#### Exercise data
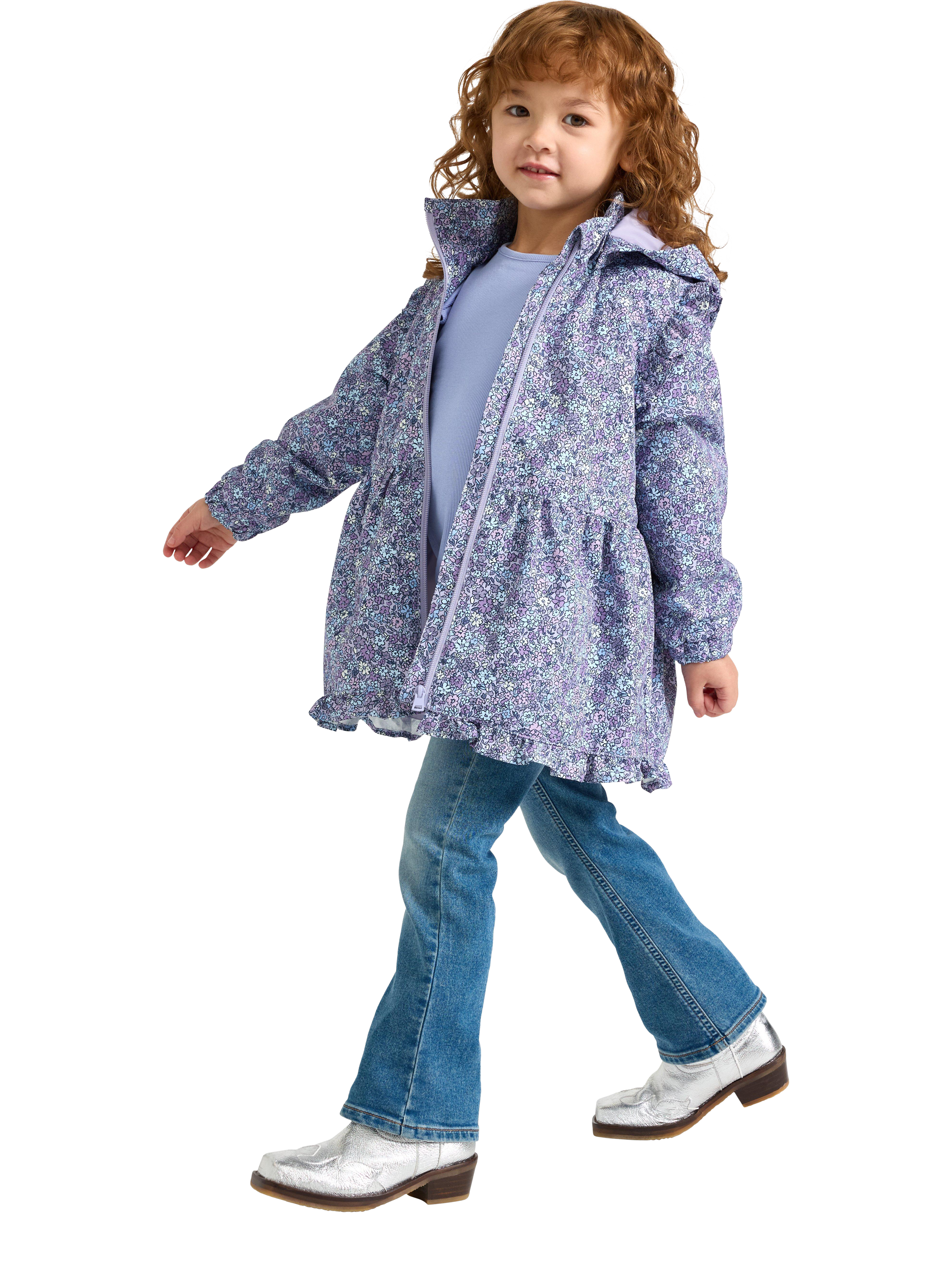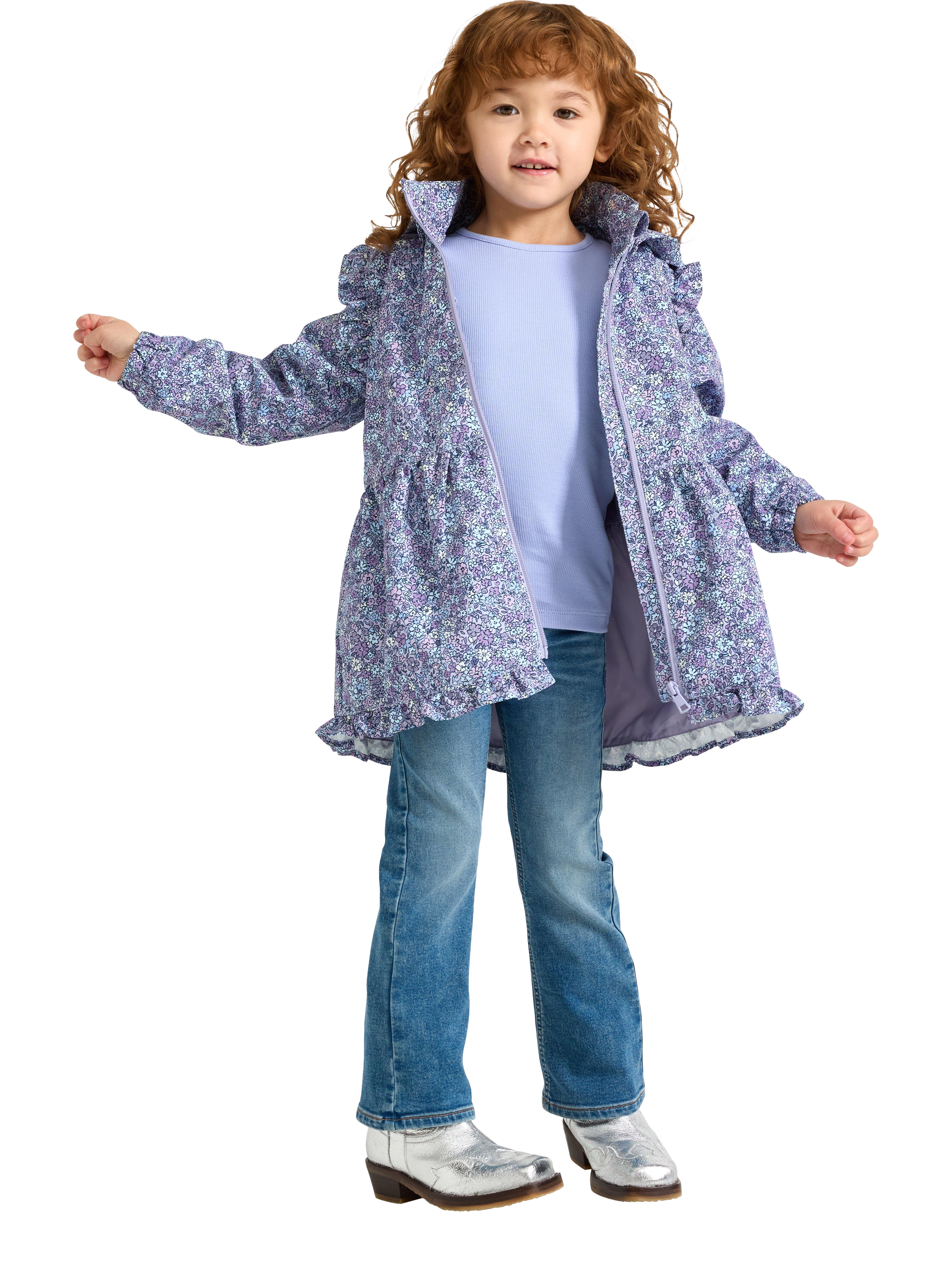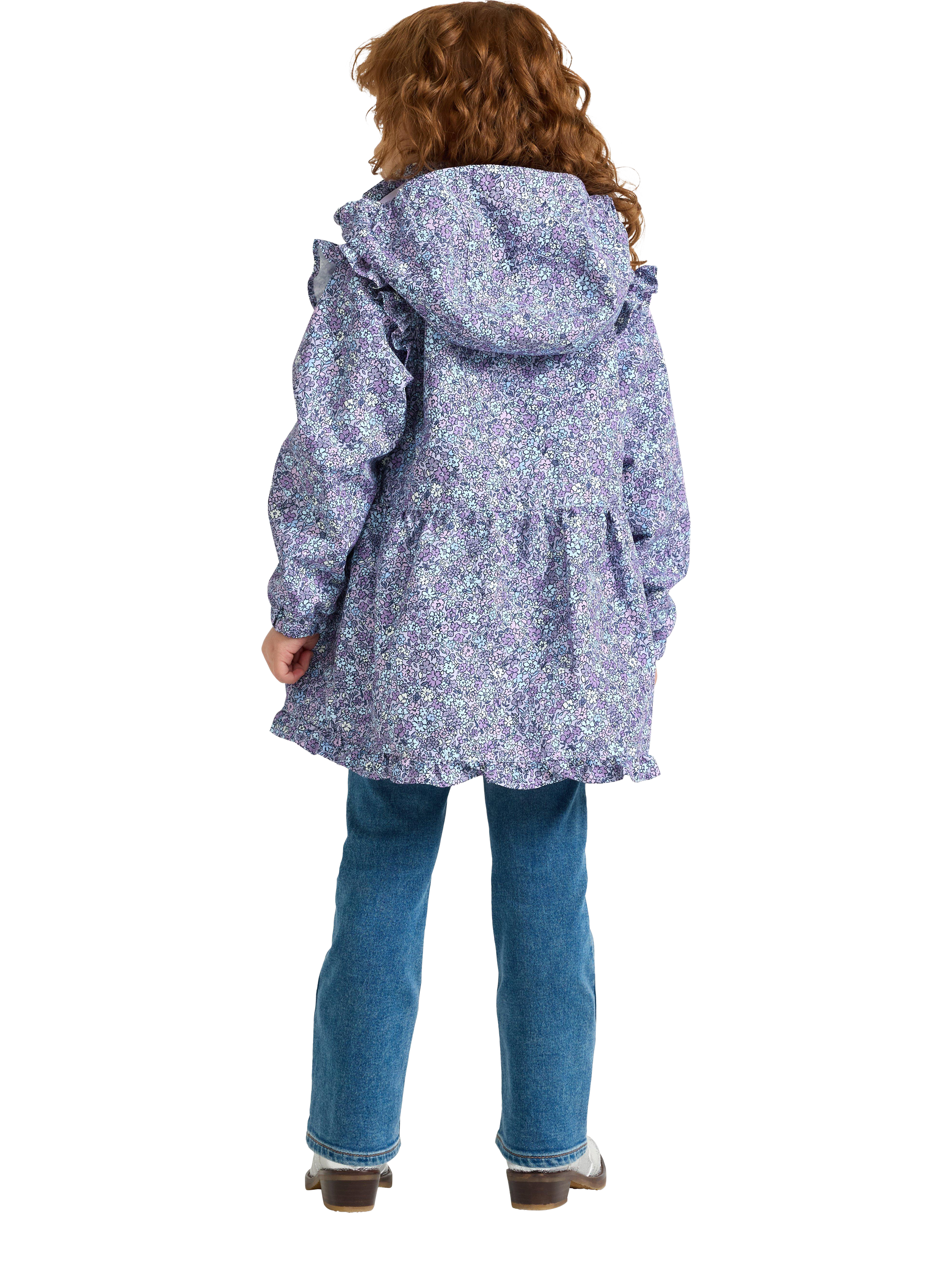 Rain never slows them down in this floral raincoat with a ruffle hem. Designed for comfort on casual days, it keeps anyone dry while adding a splash of fun to any outing.
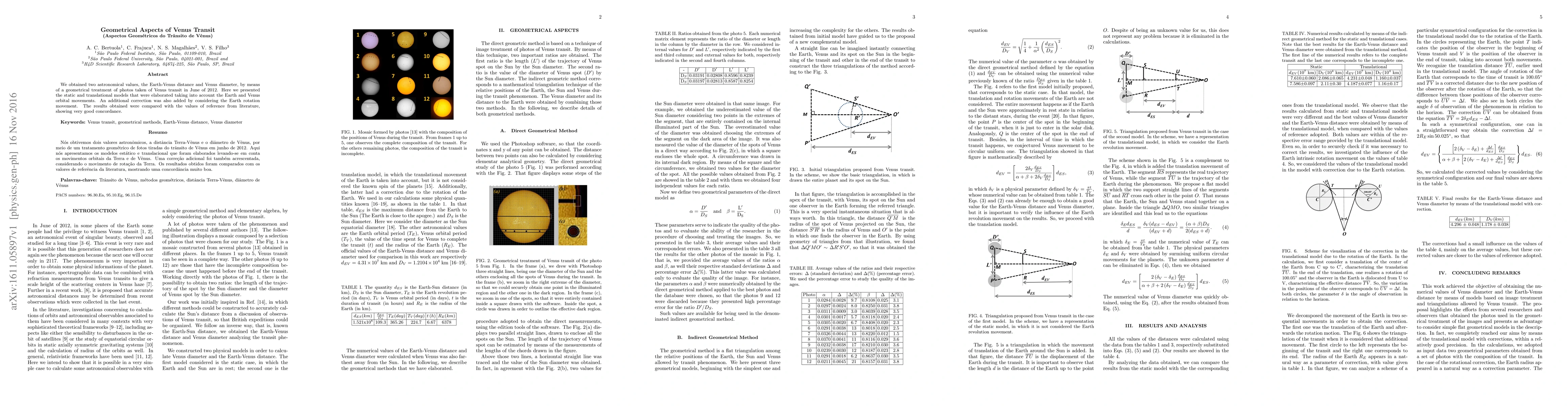 We obtained two astronomical values, the Earth-Venus distance and Venus diameter, by means of a geometrical treatment of photos taken of Venus transit in June of 2012. Here we presented the static and translational modelsthat were elaborated taking into account the Earth and Venus orbital movements. An additional correction was also added by considering the Earth rotation movement. The results obtained were compared with the values of reference from literature, showing very good concordance.
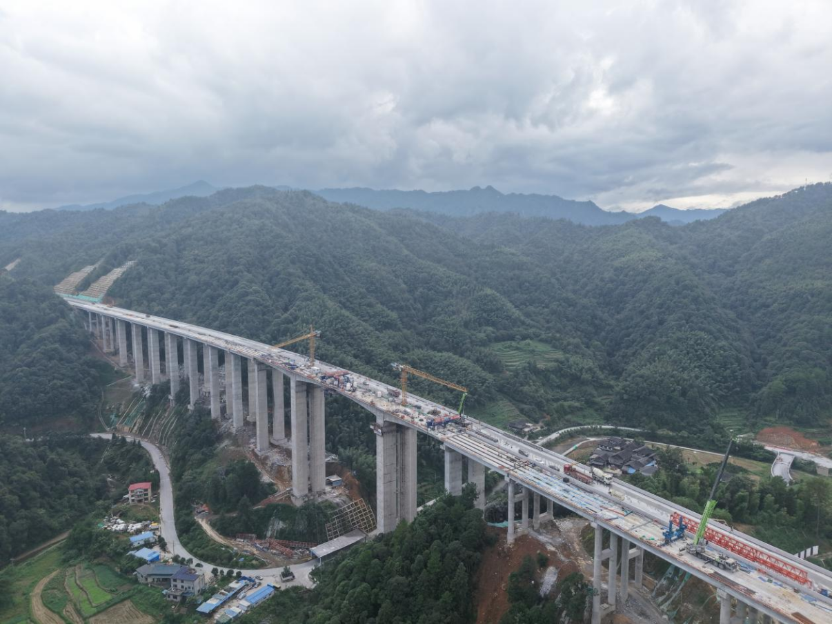 近日,随着刀背冲大桥最后一块梁板平稳架设完成,G7221衡南高速城步至龙胜(湘桂界)段实现全线贯通,为今年年底建成通车奠定坚实基础。

#### Task item
Beginning with the line containing "We obtained two" and ending with the last line of the data, output those lines exactly and nothing more. Omit every picture.

#### Solution
 We obtained two astronomical values, the Earth-Venus distance and Venus diameter, by means of a geometrical treatment of photos taken of Venus transit in June of 2012. Here we presented the static and translational modelsthat were elaborated taking into account the Earth and Venus orbital movements. An additional correction was also added by considering the Earth rotation movement. The results obtained were compared with the values of reference from literature, showing very good concordance.
 近日,随着刀背冲大桥最后一块梁板平稳架设完成,G7221衡南高速城步至龙胜(湘桂界)段实现全线贯通,为今年年底建成通车奠定坚实基础。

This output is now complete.